Long Beach, Lakewood, Signal Hill, and Avalon voters approved the Measure E Bond in 2002 and its extension in 2008. Because of this overwhelming support, LBCC has been engaged in a 15-year, $616-million modernization program to upgrade the Liberal Arts and Pacific Coast campuses. The College has celebrated the completion of dozens of new construction projects and building modernizations. The building program is providing new facilities to support new programs, allowing LBCC to prepare its students to meet the changing demands of today’s workplace both globally and locally.

More recently, voters approved Measure LB in 2016, providing an additional $850 million to complete the multi-campus Facilities Master Plan. Aiming for completion in 2041, the comprehensive facilities upgrades will provide a contemporary, state-of-the-art learning environment for the region served by LBCC. Meanwhile, the LBCC Foundation continues to provide strong and ongoing support to the college through scholarships and grants, recognizing and celebrating alumni accomplishments through the Alumni Hall of Fame, reunions, anniversary celebrations, and more.

LBCC’s nationally recognized economic and workforce development programs help support the local economy through the creation and retention of regional jobs. Economic development initiatives like the regional Small Business Development Center Network and the Goldman Sachs 10,000 Small Businesses program are helping small businesses and our local economy thrive.

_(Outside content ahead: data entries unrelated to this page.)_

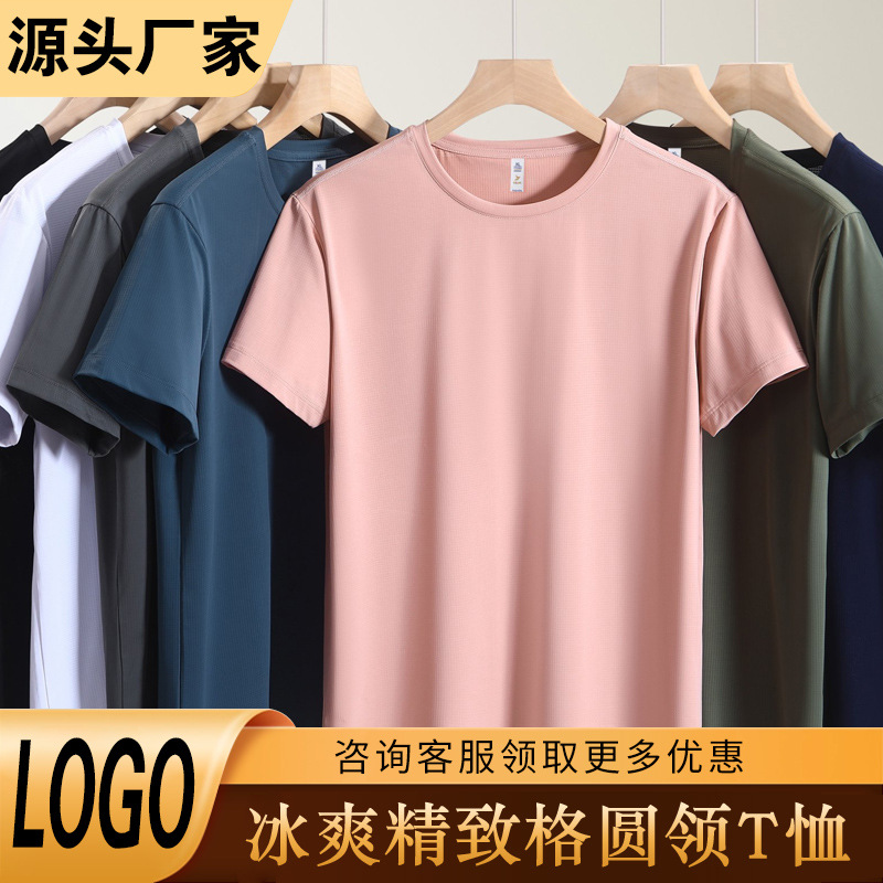 180克冰爽水晶格圆领T恤衫速干排汗运动户外上衣短袖T恤LOGO批发
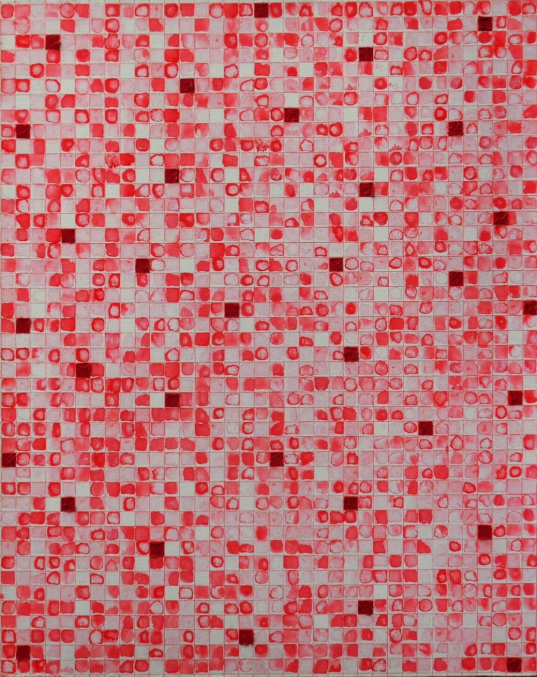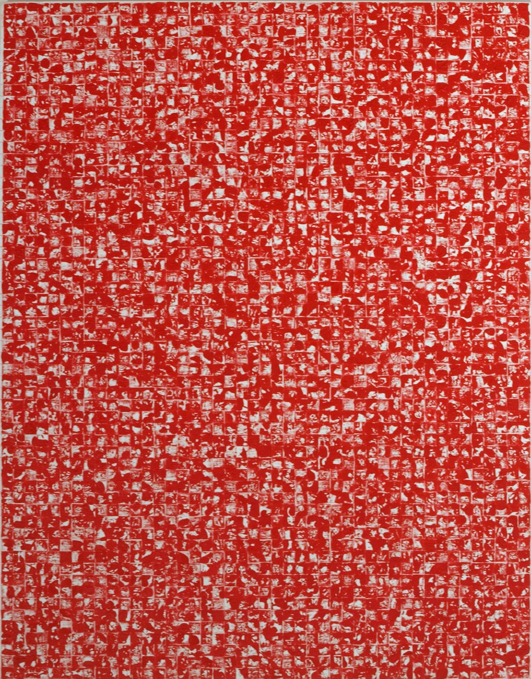 本シリーズは単色で構成されていますが、その中には複数の光のイメージが込められています。赤は洞窟の闇を照らす蝋燭の炎を、画面に残された余白は朝方に差し込む陽の光を象徴し、こうした異なる光が画面上で繰り返されることで、「光の集積」というイメージが立ち上がります。神園にとって光は、闇を照らす希望であり、本シリーズはその積み重なりを現代において可視化する試みです。
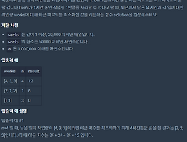 Study/Algorithm 썸네일형 리스트형 [백준][Op] AxB AxB 두 정수 A와 B를 입력받은 다음, A×B를 출력하는 프로그램을 작성하시오. 첫째 줄에 A와 B가 주어진다. (0 > a >> b; cout [백준][I/O] 그대로 출력하기2 그대로 출력하기2 입력이 주어진다. 입력은 최대 100줄로 이루어져 있고, 알파벳 소문자, 대문자, 공백, 숫자로만 이루어져 있다. 각 줄은 100글자를 넘지 않으며, 빈 줄이 주어질 수도 있고, 각 줄의 앞 뒤에 공백이 있을 수도 있다. 1234567891011#include #include using namespace std; int main(void){ string a; for(int i=0; i [백준][I/O] 그대로 출력하기 그대로 출력하기 입력이 주어진다. 입력은 최대 100줄로 이루어져 있고, 알파벳 소문자, 대문자, 공백, 숫자로만 이루어져 있다. 각 줄은 100글자를 넘지 않으며, 빈 줄은 주어지지 않는다. 또, 각 줄은 공백으로 시작하지 않고, 공백으로 끝나지 않는다. 1234567891011#include #include using namespace std; int main(void){ string a; for(int i=0; i [Level 3] 6. 줄 서는 방법 6. 줄 서는 방법 Algorithm - Level 3 - 풀이 1. 첫 번째 수는 n! / n 번씩 반복하여 오름차순으로 증가한다. -> 이를 이용하여 첫 번째 수를 answer에 삽입한다. 2. 두 번째 수는 첫 번째 수를 제외한 (n-1)! / (n-1) 씩 반복하여 오름차순으로 증가한다.-> 이를 이용하여 두 번째 수를 answer에 삽입한다 3. 이러한 과정을 반복하여 2개의 원소만 남았을 경우, 입력 k가 홀수 이면 순서대로, 입력 k가 짝수이면 역순으로 삽입한다. 1234567891011121314151617181920212223242526272829303132333435363738394041424344454647#include #include using namespace std; vecto.. [Level 3] 5. 야근 지수 알고리즘 5. 야근 지수 알고리즘 Algorithm - Level 3 - 풀이 1. 원소 중 최대값에 1을 빼는 행동을 n번 만큼 반복하면 된다. 1234567891011121314151617181920212223242526272829303132333435363738394041424344454647484950#include #include #include #include using namespace std; long long calculate(vector a){ long long answer = 0; for(int i=0; i0){ works[idx++]--; n--; } } } } return calculate(works);}Colored by Color Scriptercs 위 풀이 방법은 에서 말한 방법을 푼.. [Level 3] 4. 멀리 뛰기 4. 멀리 뛰기 Algorithm - Level 3 - 풀이 1. 점화식으로 보고 풀이하였다. 2. 1, 2 칸은 한 번에 갈 수 있다.-> 1 번째 인덱스는 경우의 수가 1, 2번째 인덱스는 경우의 수가 2이다. 5. i번째 인덱스는 i-1, i-2 의 합과 같다.-> 피보나치와 같다.123456789101112131415161718#include #include using namespace std; long long solution(int n) { long long answer = 0; vector dp(n, 0); dp[0] = 1; dp[1] = 2; for(int i=2; i [Level 3] 3. 거스름돈 경우의 수 3. 거스름돈 경우의 수 Algorithm - Level 3 - 풀이 1. 이 문제도 Dynamic Programming으로 접근가능하다. 2. n+1 크기의 배열을 선언한다. 3. 1부터 n까지 원소를 0으로 초기화한다.-> 만약, 화폐단위 중 1이 존재하면 모든 원소를 1로 초기화한다. 5. 화폐단위와 같은 거스름돈은 (n=5, money=5) 경우의 수를 1 증가한다. 6. 그 외는 n까지의 인덱스를 차례로 접근해 작은 화폐단위를 뺀 인덱스의 원소값을 더해준다.-> ex) money=2, index=5일 경우, 5-2=3 index에 위치한 원소값을 더해준다. 이는 그 전에 계산한 경우의 수를 더해주는 것으로 거스름돈이 5인 경우의 수는 money=2를 하나 선택하고 남은 돈 3의 경우의 수와 같다.. [Level 3] 2. Palindrome 2. Palindrome Algorithm - Level 3 - 풀이 1. palindrome은 문자열을 뒤집어도 같은 문자열을 의미한다. 2. 문자열의 어떤 문자를 잡았을 때, 그 문자와 대칭하는 문자를 우선 찾는다. 3. 대칭 되는 문자들을 기준으로 그 사이에 존재하는 문자들을 비교한다.-> 이 때, 하나라도 매칭되지 않는다면 기준 문자들은 올바르지 않은 매칭이다. 4. 효율성 : for문을 사용하되 기존의 매칭된 문자열의 길이보다 남은 문자열이 작다면 더 찾아봐도 그 길이 이상이 나올 수 없다. 1234567891011121314151617181920212223242526272829#include #include using namespace std; int solution(string s){ int.. 이전 1 2 3 4 다음
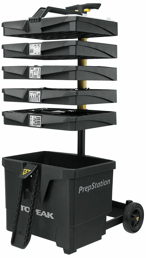 La PrepStation de Topek est un chariot à outils facile à manier avec des roulettes de 5″ et sept compartiments. Les roulettes peuvent être facilement étendues pour augmenter la stabilité. Une simple pression sur un bouton permet d’ouvrir le système pour séparer les plateaux d’outils.
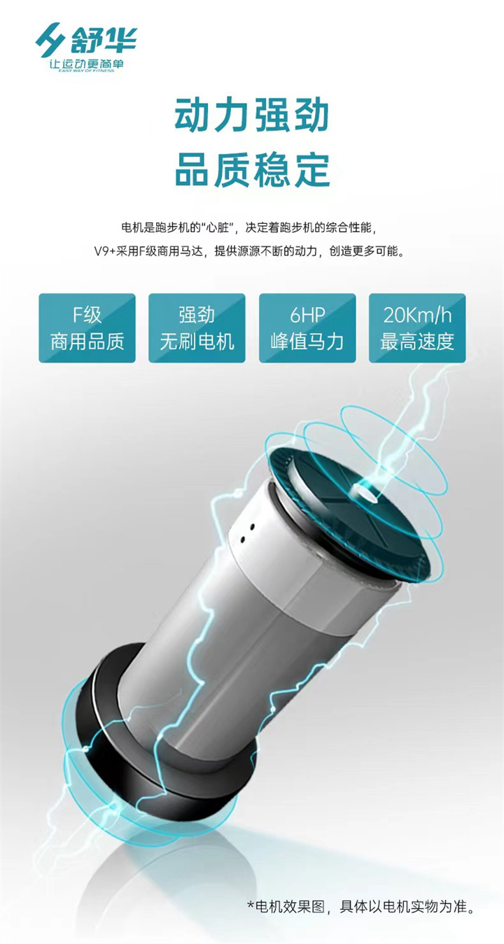 智能商用跑步機SH-T8919T-Y50(V9+)全跑臺減震設(shè)計,跑臺尺寸達580×1570mm,馬達采用3.0CP,配備21.5寸大屏,速度范圍0.8—20km/h,坡度也可以-3—15%,可承受180kg的使用者使用。
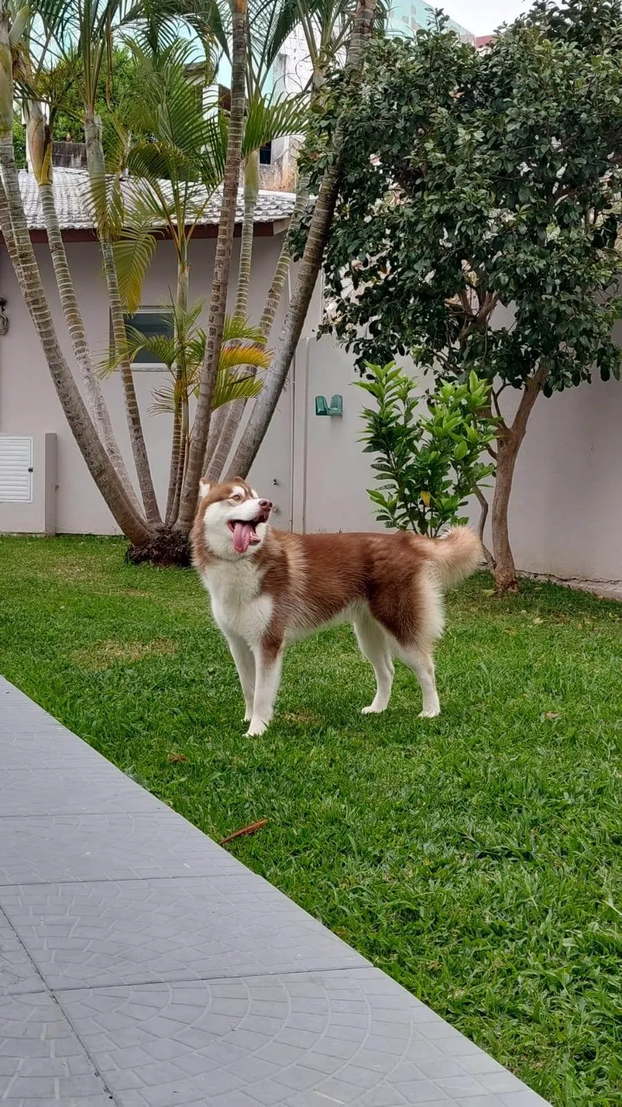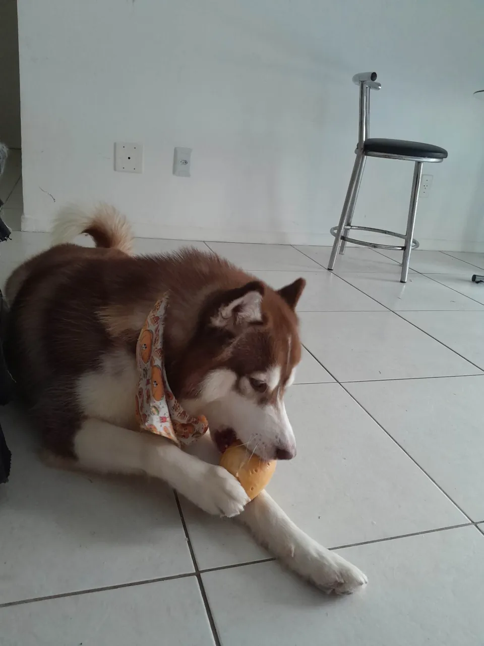 É um husky siberiano de pelagem branca e marrom, muito brincalhão, às vezes um pouco carente e ansioso. Ele precisa de espaço para se movimentar, tem muita energia e gosta de ter atenção, e por isso quem o adotar necessita ter isso em mente.
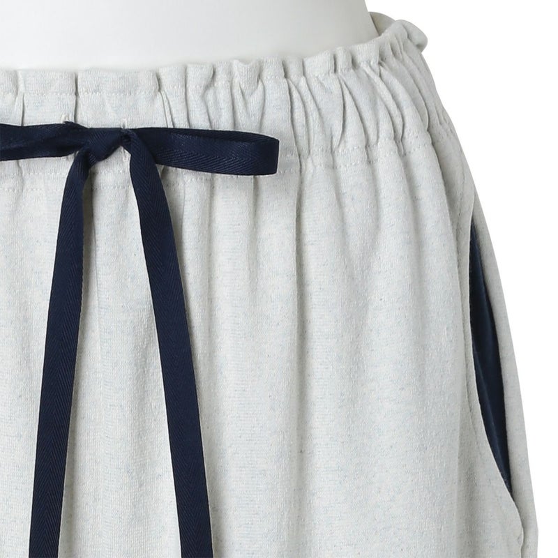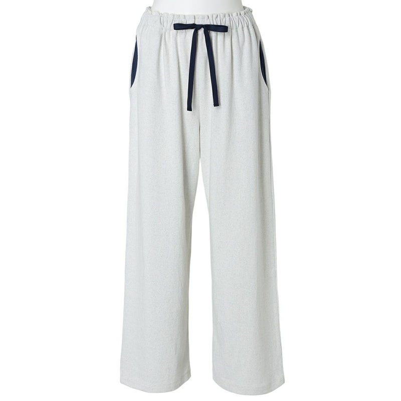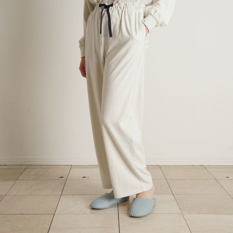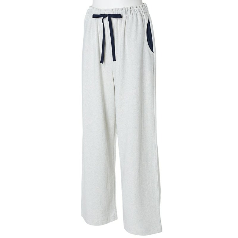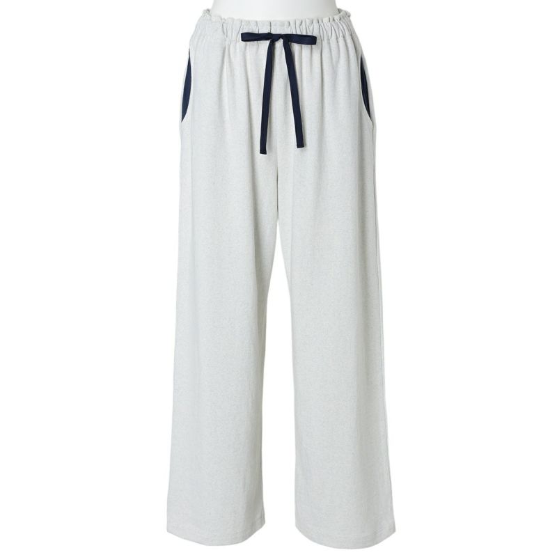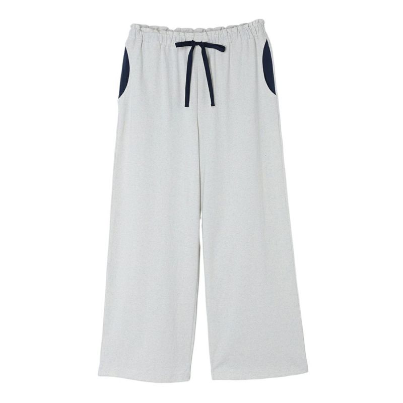 すとんとしたストレートシルエットのフルレングスボトムス。ポケットはカッティングをカーブにすることで、配色布がさりげなく見え隠れする細部にまでこだわったデザイン。
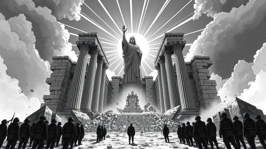 “`A dramatic surreal illustration of soldiers in dark uniforms standing before a colossal crumbling temple, its massive stone columns collapsing into rubble and dust. At the center, a towering statue of a robed figure with a raised hand emerges from the ruins, glowing with divine light. Sun rays burst outward from behind the temple, illuminating the sky with radiant lines, while clouds of smoke and debris swirl around. The scene feels apocalyptic, monumental, and awe-inspiring, with a muted monochrome palette and highly detailed hand-drawn style.“`
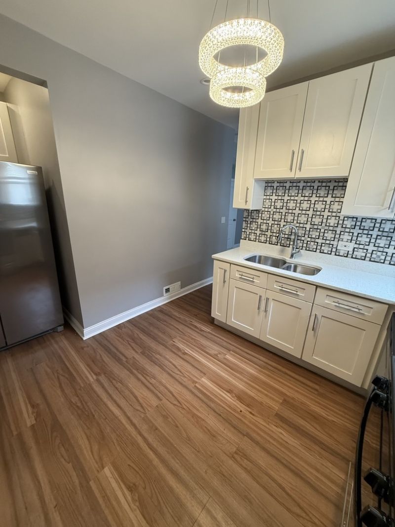 Step into this classic Chicago style bungalow and prepare to be impressed. The open concept living and dining room welcomes you with luxury light fixtures, dimmable LED recessed lighting, and original hardwood floors refinished in a rich dark walnut stain-a warm, elegant first impression that instantly feels like home. The beautifully updated kitchen features QUARTZ countertops, mosaic tile backsplash, brushed nickel finishes, stainless steel appliances, and crisp modern cabinetry. Just off the kitchen, the enclosed back porch provides valuable extra storage or flex space. The finished attic offers even more versatility with a spacious lounge area plus a bonus room-perfect for a guest space, playroom, or creative retreat. The fully finished basement is a true standout, showcasing ceramic tile flooring, a meticulously designed bathroom with a walk-in shower, dual shower panel system, and a custom glass door. Both bathrooms feature LED light vanity mirrors for a sleek, contemporary touch. The lower level also includes a large laundry area, a cozy nook ideal for a small office, and generous storage options. Major updates bring peace of mind, including newer electrical, newer plumbing, newer HVAC, newer furnace and water tank, newer gutters, and a newer wood & iron rod fence surrounding the yard. This home blends timeless Chicago charm with modern luxury and thoughtful functionality. Don't delay-

In addition, innovative programs like the Long Beach College Promise – a unique partnership with the Long Beach Unified School District, California State University, Long Beach, the City of Long Beach, and the Port of Long Beach – are helping more students succeed in college. The program has become a national model for communities looking to increase student success. LBCC has had many accomplishments to celebrate in its first nine decades and is well positioned to build on this tradition of success in serving its community for generations to come.